HIQA report on Savita finds 'basic care' failures

Written By Unknown on Rabu, 09 Oktober 2013 | 22.40

The Health Information and Quality Authority report on the death of Savita Halappanavar and related issues has found a failure to provide the most basic elements of care in her case.

The 257-page report found that there were many missed opportunities, which if acted on, might have changed the outcome for her.

The report was conducted after HIQA was asked by the Health Service Executive to investigate the safety, quality and standards of services provided at University Hospital Galway.

It followed the death of Mrs Halappanavar on 28 October last year.

She died one week after she was admitted to the hospital when she was 17 weeks' pregnant and miscarrying.

The report also revealed wide variations in clinical care in the 19 public maternity hospitals and units.

It stated there is no nationally agreed definition of maternal sepsis and inconsistent recording of it nationally, as well as no centralised approach to reporting maternal morbidity and mortality.

As a result, it is impossible to properly assess the performance and quality of maternity services nationally, the report found.

In the case of Mrs Halappanavar, the report said there was a failure to recognise she was developing an infection and to act on her deteriorating condition.

It found that University Hospital Galway did not have effective arrangements to regularly record and monitor her condition and that the management of the delivery of maternity services was not consistent with best practices.

The report stated the findings in the Halappanavar case bear a disturbing resemblance to the findings in the HSE inquiry into the death of Tania McCabe and her son Zach, in 2007, at Our Lady of Lourdes Hospital in Drogheda.

HIQA makes 34 recommendations on improving the care of clinically deteriorating pregnant women.

It also called for a National Maternity Services Strategy to ensure women receive safe, high quality and reliable care.

The inquest into the death of Mrs Halappanavar took place in April and found she had died due to medical misadventure.

A HSE Clinical Review report was published in June, which found inadequate assessment and monitoring and a failure to recognise the gravity of the situation and the increasing risk to her life.

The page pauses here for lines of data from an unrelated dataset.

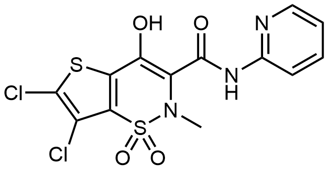 Synonyms: 6,7-dichloro-4-hydroxy-2-methyl-N-(pyridin-2-yl)-2H-thieno[2,3-e][1,2]thiazine-3-carboxamide 1,1-dioxide
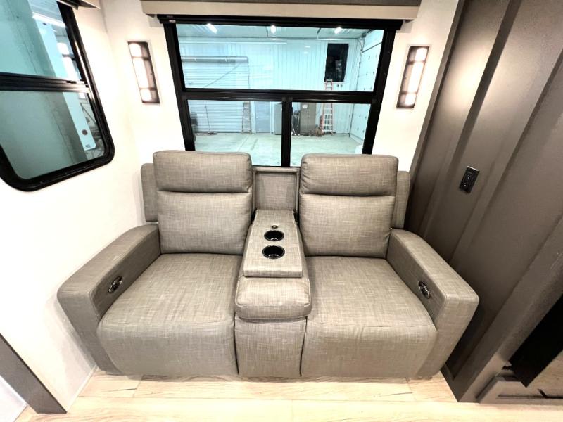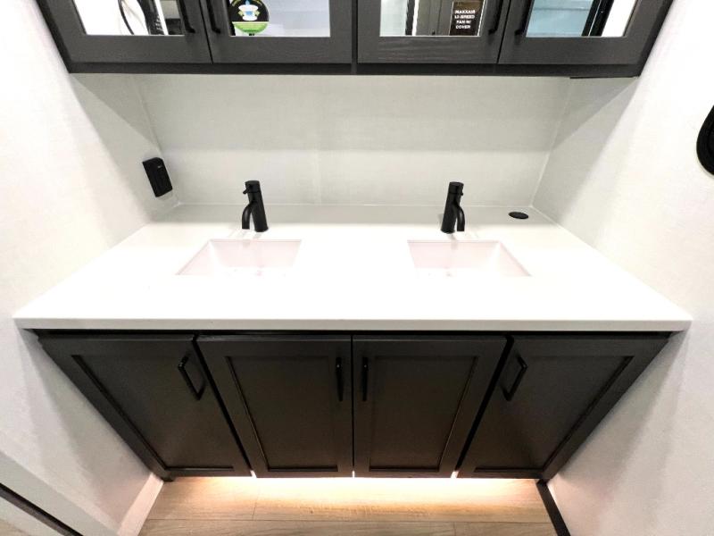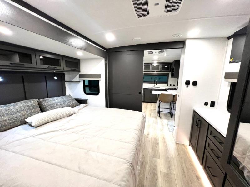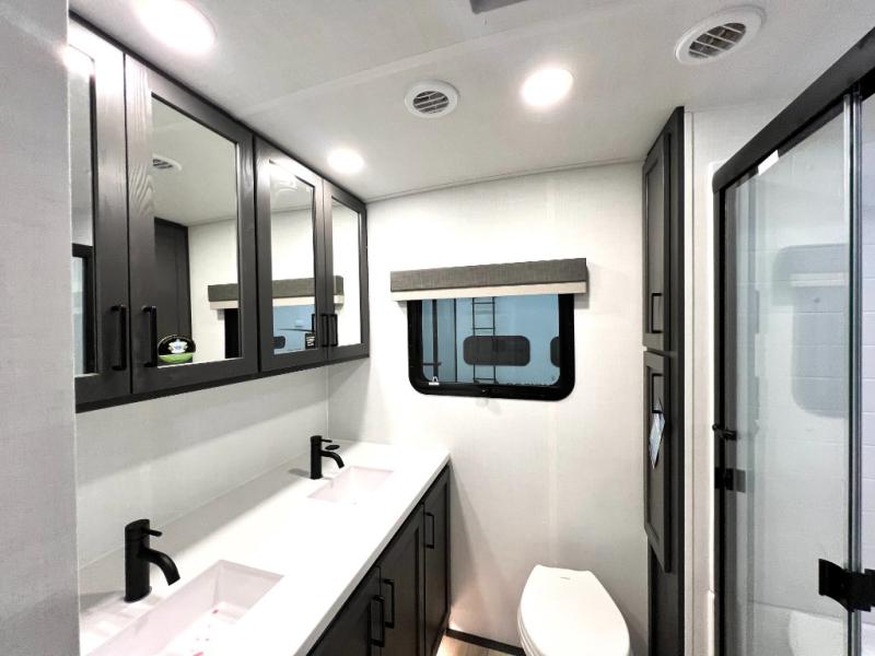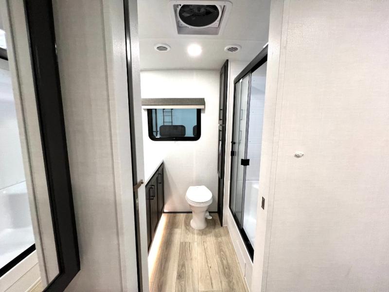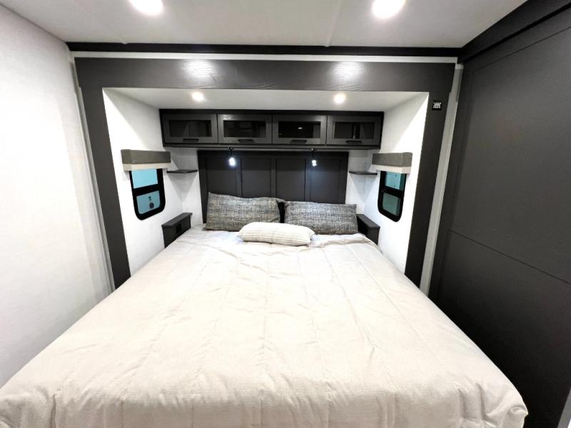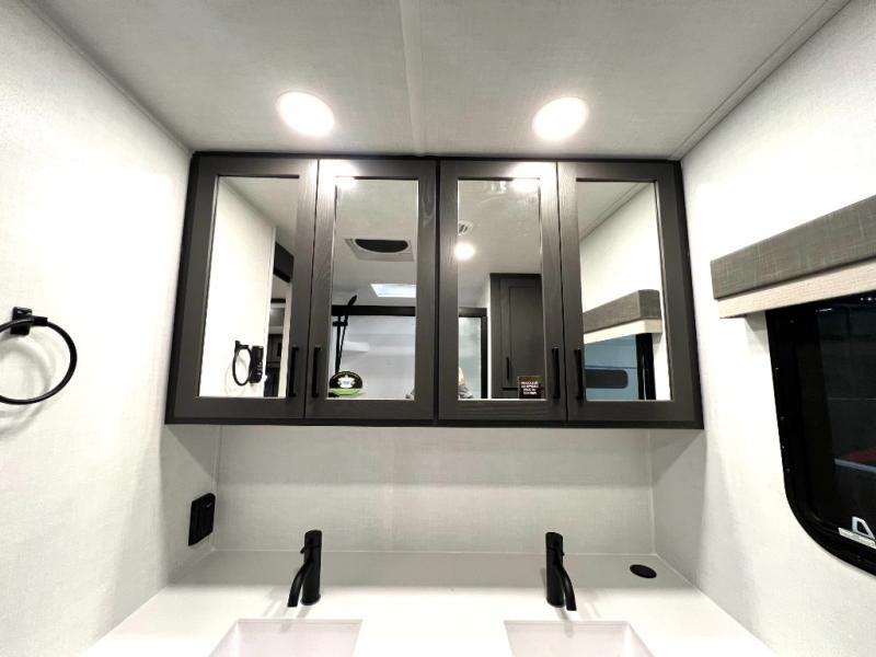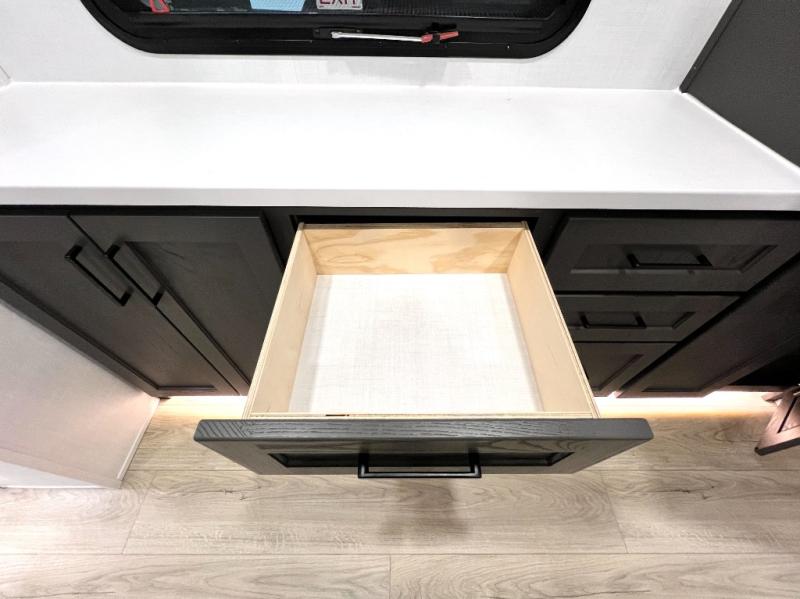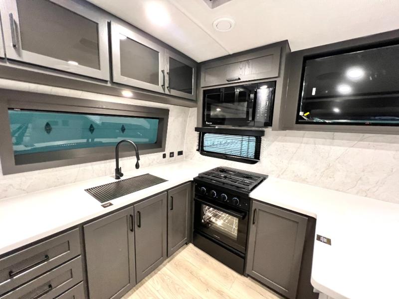 This front kitchen, couple's trailer is ready for adventure when you are! Once you arrive at your destination, prepare a quick lunch with the Griddle Prep, and enjoy the shade provided by the 19' power awning. You can eat outside, or inside at the counter with stools. The 67" theatre seat will make this travel trailer feel more like home, and the double slides provide more space to stretch out. Within the master bedroom you'll find a king bed, a large wardrobe and a dresser, plus an optional TV. And check out the full rear bath with dual bath sinks and a shower with a seat! Now, that's what I call comfort!
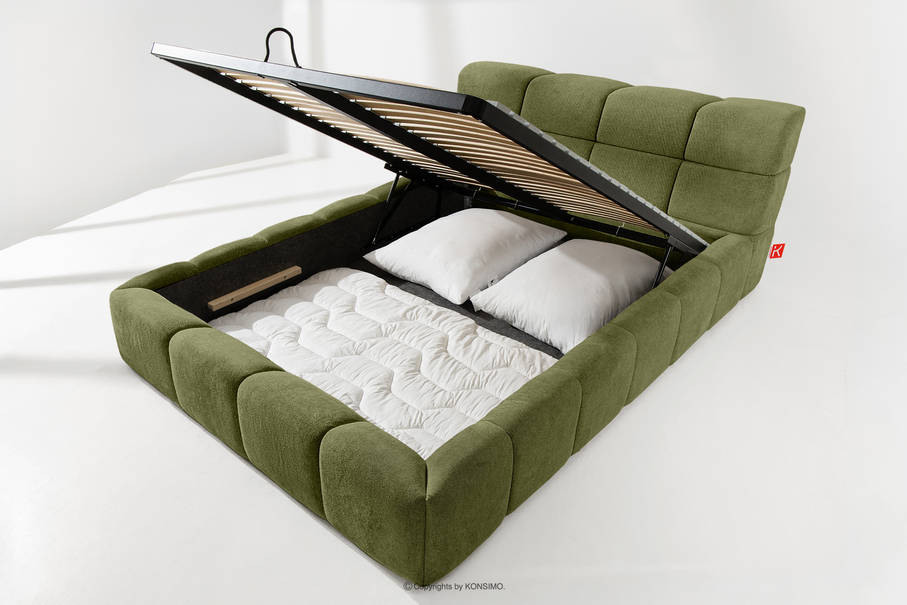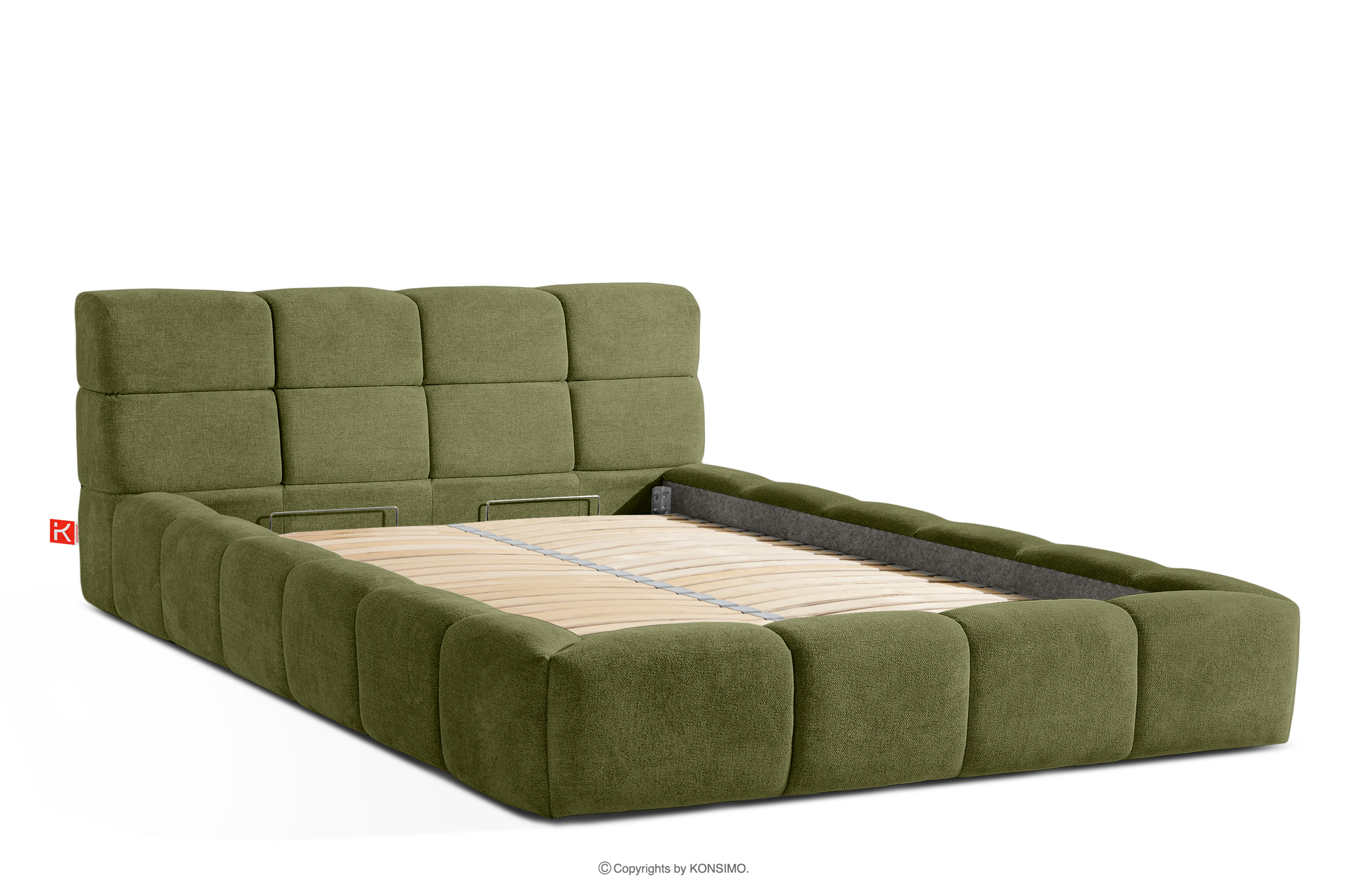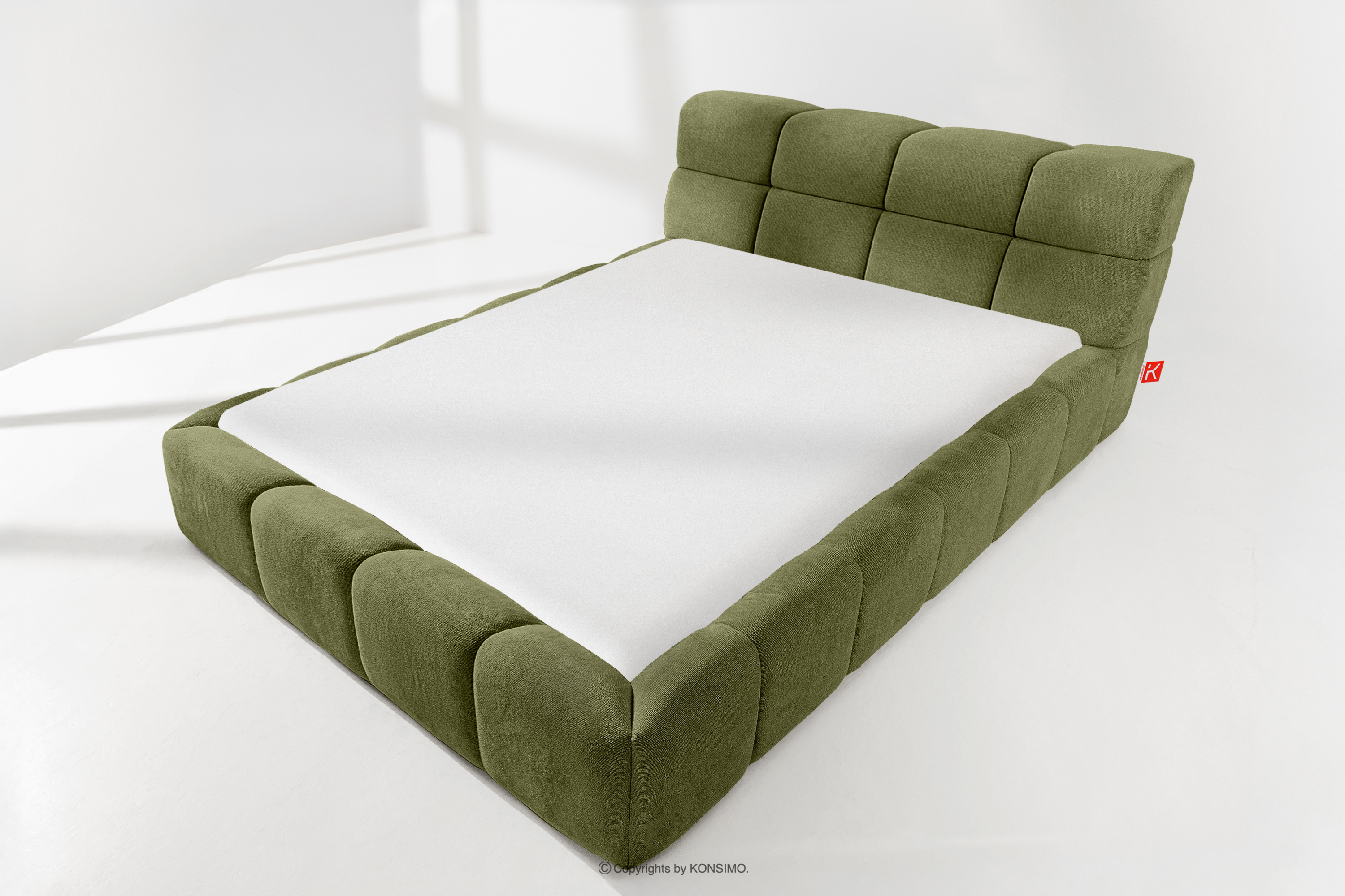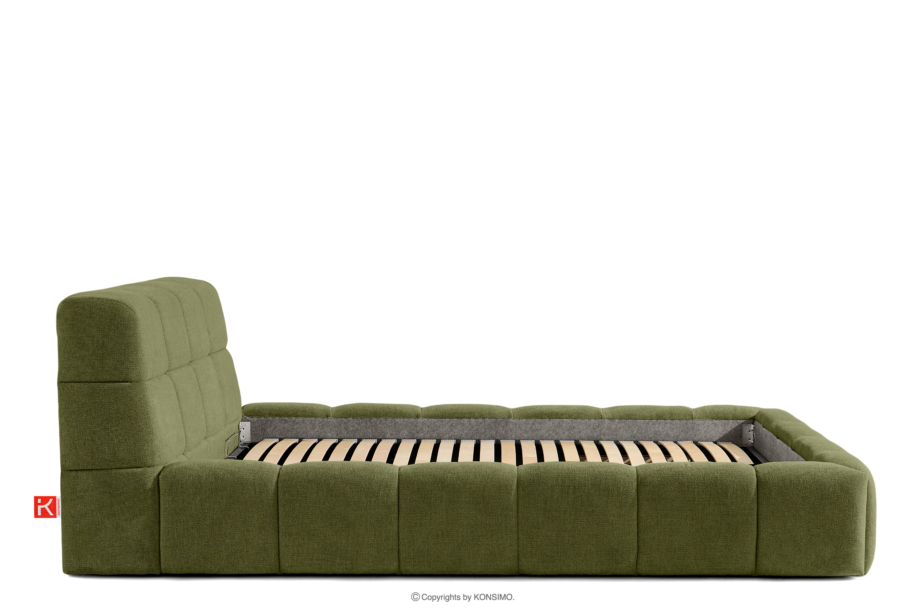 Das Bett 140 mit olivgrünem Kopfteil ist eine harmonische Kombination aus der Schlichtheit des skandinavischen Stils und außergewöhnlichem Nutzungskomfort. Seine einzigartige Form, die von der Form einer Wolke inspiriert ist, zieht mit ihrem originellen Design die Aufmerksamkeit auf sich und bietet gleichzeitig Komfort auf höchstem Niveau. Die Konstruktion basiert auf einem flexiblen Rahmen aus Holzlatten, dessen zusätzlicher Vorteil die Möglichkeit ist, die Härte des Bettes einzustellen - dank der herausnehmbaren Latten kann man den Grad der Weichheit den individuellen Vorlieben anpassen.

Her husband Praveen has initiated legal action against the HSE.

Speaking at the publication of the report, HIQA Director of Regulation Phelim Quinn extended his sympathies to Mr Halappanavar.

He said the report would be "a further difficult read" for him and his family.

Mr Quinn said this was not a specific investigation into Mrs Halappanavar's death, but that her death was a seminal event that led to the establishment of this statutory investigation.

Nuala Lucas, a consultant obstetric anaesthetist based in the UK who was part of the investigation team, said a key finding of the investigation was that there was a failure to recognise Mrs Halappanavar was deteriorating and then a failure to respond correctly.

Dr Lucas said there were a series of signs that could have been recognised as indications of Mrs Halappanavar's deterioration or as signs of the development of sepsis.

She said if those signs had been identified there may have been a different outcome.

HIQA Chief Executive Tracey Cooper said the recommendation for a code of conduct for employers in the health service was a fundamental development.

Ms Cooper said it was about making it absolutely explicit on what the requirements are for managers.

She said the accountability and responsibility for the following of this code would be with the HSE, and in the case of private providers, it was up to the HSE to ensure private providers would follow it.

Ms Cooper said responsibility would also be held locally by hospital groups, chief executives and their boards.